Experimenting with Oxygene


Oxygene (pronounced like oxygen) is a programming language by the folks at RemObjects. It is a dialect of ObjectPascal based on Delphi. Normally, I work with C-style languages with all of their brackets, so Oxygene is a bit of a departure for me. I was happy to see that RemObjects “fixed” a lot of the issues that always bothered me with Delphi.

A Modern Pascal?

Oxygene is actively developed by RemObjects, and they seem to have added every modern-language feature to their programming language. If your experiences in Pascal dialects are all from Delphi, you should really give Oxygene a look. Every modern programming idiom can be handled in Oxygene with relative ease.

Here is a list of some of the things that Oxygene updated from its Delphi roots:

  • You can declare variables at the point you need them (my favorite update)
  • Type inference is supported
  • Inline if, case, and for expressions
  • True namespace support
  • Nameless constructors and the new operator
  • No more procedure vs function, now it’s only method
  • GUIDs are no longer needed in interfaces
  • Much more, check it out here

Cross-Platform Done Right?

RemObjects positions Oxygene as the perfect solution for “native” development for multiple platforms. This is a somewhat different take on “native” development than a lot of people have, but it’s perhaps a more accurate definition. The Oxygene compiler targets the standard programming interface run-time for each of the major platforms. It compiles to run directly on the .Net runtime, the JVM/Dalvik VM, or as machine code linked to the Cocoa framework on OS X and iOS. In effect, Oxygene can be thought of as another JVM language, another .Net language, and another Cocoa language all at the same time. It’s cross-platform abstraction at the source code language level.

The closest cross-platform solution to Oxygene is probably Xamarin. Xamarin is a little different, and some of those differences are listed below.

What are the Benefits?

The benefits of using Oxygene are that you end up with an app for each platform that integrates 100%. The user interface will look, feel, and be completly native. With Xamarin, you need the Mono runtime to be distributed with your application. This is not the case with Oxygene.

You can consolidate all of your source code for the three platforms into one single language. Thanks to Sugar, all non-platform-interfacing code can be completely reused between platforms.

Finally, a purchase of Oxygene not only comes with Visual Studio integration, but with a full license of Visual Studio itself! It appears to be on-par with the professional SKU. Even with this, it’s still much cheaper than Xamarin.

What are the Drawbacks?

The first drawback for most people would be an unfamiliarity with Pascal. It’s not exactly as popular as it once was. However, the Oxygene dialect seems easier to come to terms with than Delphi.

The second major drawback is that, because of the need to program to the platform-native APIs, you need to know three different frameworks (.Net, Java/Android, and Cocoa). This comes from Oxygene and RemObject’s core belief that to make native applications, you need to use the proper native API. I agree with this, however, it comes at the cost of less code reuse. The Visual Studio integration of Oxygene is very well done and IntelliSense helps to learn each platform’s API on-the-fly.

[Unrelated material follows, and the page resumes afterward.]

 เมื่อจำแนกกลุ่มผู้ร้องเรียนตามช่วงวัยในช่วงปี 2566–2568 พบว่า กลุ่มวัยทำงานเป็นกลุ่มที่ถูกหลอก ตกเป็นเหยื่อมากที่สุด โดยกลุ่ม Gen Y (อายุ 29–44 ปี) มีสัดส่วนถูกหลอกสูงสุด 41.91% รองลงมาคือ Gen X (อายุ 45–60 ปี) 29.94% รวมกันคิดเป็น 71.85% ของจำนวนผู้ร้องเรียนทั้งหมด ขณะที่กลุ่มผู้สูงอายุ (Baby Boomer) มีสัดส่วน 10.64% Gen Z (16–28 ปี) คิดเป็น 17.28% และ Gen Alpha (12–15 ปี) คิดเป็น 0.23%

I like the idea of cross-platform development done this way. I get to use Visual Studio for all platforms and I am a big fan of consolidating my development tools as much as possible. It’s much cheaper than the Xamarin solution. Also, the product is “more native” than what Xamarin can create with no Mono run-time ever necessary.

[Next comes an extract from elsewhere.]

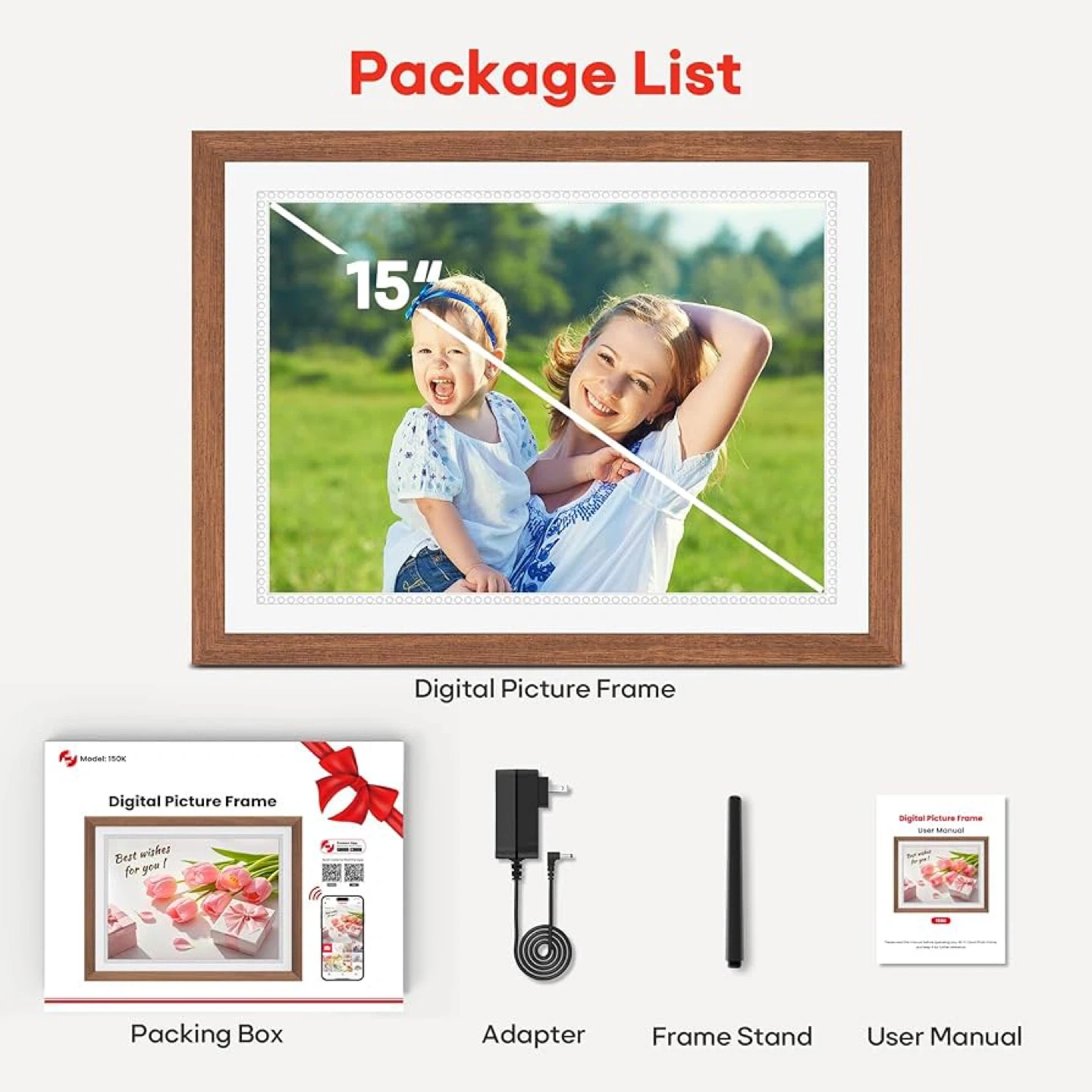 Brand new Frameo 15" Digital Picture Frame Large WiFi Electronic Photo Frame 32GB Memory IPS Touch Screen Slideshow Share Moments Remotely Anywhere.

For the price of Oxygene ($699), I’m going to give it a shot. Even if I don’t use it for cross-platform development, I can still make native single-platform applications with it. I just need to brush up on my Pascal.


  1. Gareth
    April 11, 2014 at 4:13 am

    Of course, they now have RemObjects C# so you don’t need to use Pascal to get the same benefits.

    • sam
      October 14, 2015 at 3:05 pm

      Hi, i would like to know about your last year experience with Oxygene… Im considering using it, im an old school pascal/delphi developer so the idea of an evolutionary pascal language aproach sounds really nice, and the easy integration with the Visual Studio IDE is good…. ANyway any wisdom from experience would be appreciated. 😉

      • Michael R. Taylor
        October 15, 2015 at 12:13 pm

        I have nothing but good things to say about Oxygene and also the company RemObjects. I like working in Visual Studio much more than RAD Studio. The language improvements are stellar. Declaring variables inline with code is an improvement that I absolutely love and this improvement alone is enough reason for me to pick Oxygene over Delphi. I believe that Embarcadero/Ideira should license (or whatever they need to do legally) these language improvements to modernize Delphi. Oxygene also gives you better platform integration with Windows, Android, and OS X/iOS/etc since you target their preferred developer platforms. The downside is that some of your code will need to be platform-specific. With well-structured projects, this isn’t much of a problem.

        The guys at RemObjects, even though it is a small company, have been very responsive. I’ve found a couple of bugs, reported them on their forums, and they have responded and fixed the bugs very quickly.

  2. sam
    October 16, 2015 at 6:05 am

    Great news! Thanks for your comment. So that inspire me to consider it a little more seriously. Any experience with Oxygene and Android? And what about Databases, delphi make it really simple to develop data related apps. Again… thx for your quick reply 😉

    • Michael R. Taylor
      October 20, 2015 at 5:20 pm

      You’re welcome! Sorry this reply was a bit slow. I’ve been away from my computer.

      I’ve got limited experience with Oxygene and Android, but it has been good experience. You’ll still want to have Android Studio installed and Oxygene provides a way to edit UI files in Android Studio. That integration works pretty well and it’s only needed if you want to use Android Studio’s GUI editor. Other than that, it’s just a matter of using the Android API exactly as-is, but from the Oxygene language. I’ve found translating Java sample code to Oxygene code is pretty trivial. Also, I believe Oxygene provides a “paste as Oxygene” function to paste Java code and convert it to Oxygene for you, but I haven’t used that feature.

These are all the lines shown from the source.